The medical examiner is still slicing and dicing late into the night. There are “new organs” in the bodies, which move on their own, and are full of worms! One tries to bury itself into his hand, but he pulls it out. However, several of the dead are now up and about… entrails dragging on the floor… and they all attack him at once.

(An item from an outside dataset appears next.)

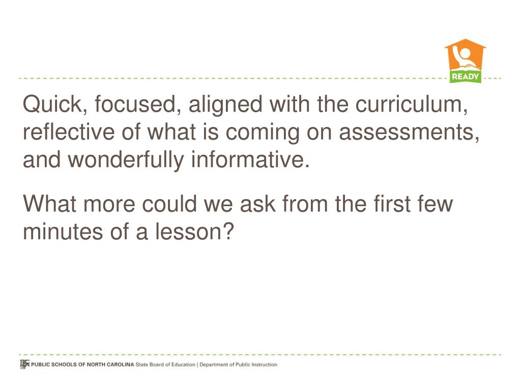 Quick, focused, aligned with the curriculum, reflective of what is coming on assessments, and wonderfully informative. What more could we ask from the first few minutes of a lesson?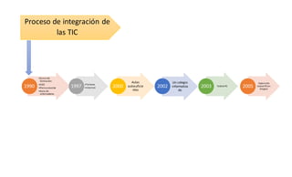 El documento describe la evolución de la integración de las tecnologías de la información y la comunicación (TIC) en un colegio a lo largo de varios años, comenzando con cursos de formación y prensa escolar en 1990, la introducción de Internet y talleres en 1997, el establecimiento de aulas autosuficientes en 2000, y la informatización completa del colegio en 2002 con la adopción de tabletas PC y su extensión en Aragón en 2005.

The CDC have lost the coffin, but still have their worm samples. Abraham has ended up in the drunk tank, where a guy points out his old holocaust tattoo. The creepy Stoneheart guys remark on Abraham’s presence at the airport. The van is on it’s way across the bridge. Gus speaks to his family on the phone (who are cooking breakfast and drinking beer at 4am?!) – his brother was the one who held up the pawn shop earlier in the day. And the father who was looking for his dead daughter at the airport reaches home and breaks down in tears… until she appears at the door… and blinks like a lizard.
First Impressions:
I’ve not (yet!) read the series of novels, so I’m coming to this show cold. I can immediately see a few small nods to del Toro’s previous movies. The “creature” which appears in the guise of a hooded figure is reminiscent of Mimic (1997), and cursed objects giving some semblance of immortality features heavily in Cronos (1993). In addition to the more obvious references to Bram Stoker’s Dracula, with the “coffin” full of earth and the vampiric nature of the virus (or is it a parasite?) and it’s transmission. With the infected themselves becoming a cross between vampires and zombies, I can foresee a lot of characters ending up “dead: but won’t lie down”…
Unanswered Questions:
- What’s with Eph’s milk obsession?
- Why did The Stoneheart Group arrange for the box and it’s contents to be smuggled to the US?
- What happens at dawn?
Spurious Quarantine Procedures:
I truly hope the real CDC have more robust quarantine procedures than are depicted here! If there really were a contagion, it’s not just the survivors who would need to be confined, but EVERYTHING; all of the deceased, the cargo, the plane itself. The medical examiner performing the autopsies would be in full hazmat gear, and in no way would you be allowed to carry samples of the wormy things – one of the sources of infection – in your pocket?! If I were a gambler, my money would be on the monsters to win this one..
My Favourite Bit:
The creature going all “the mountain and the viper” (you know what I mean!) on that guy Bishop. Messy!
Overall Rating:
4 out of 5 Stars
Fun and engaging storytelling, even if their scientific method could do with a refresher course!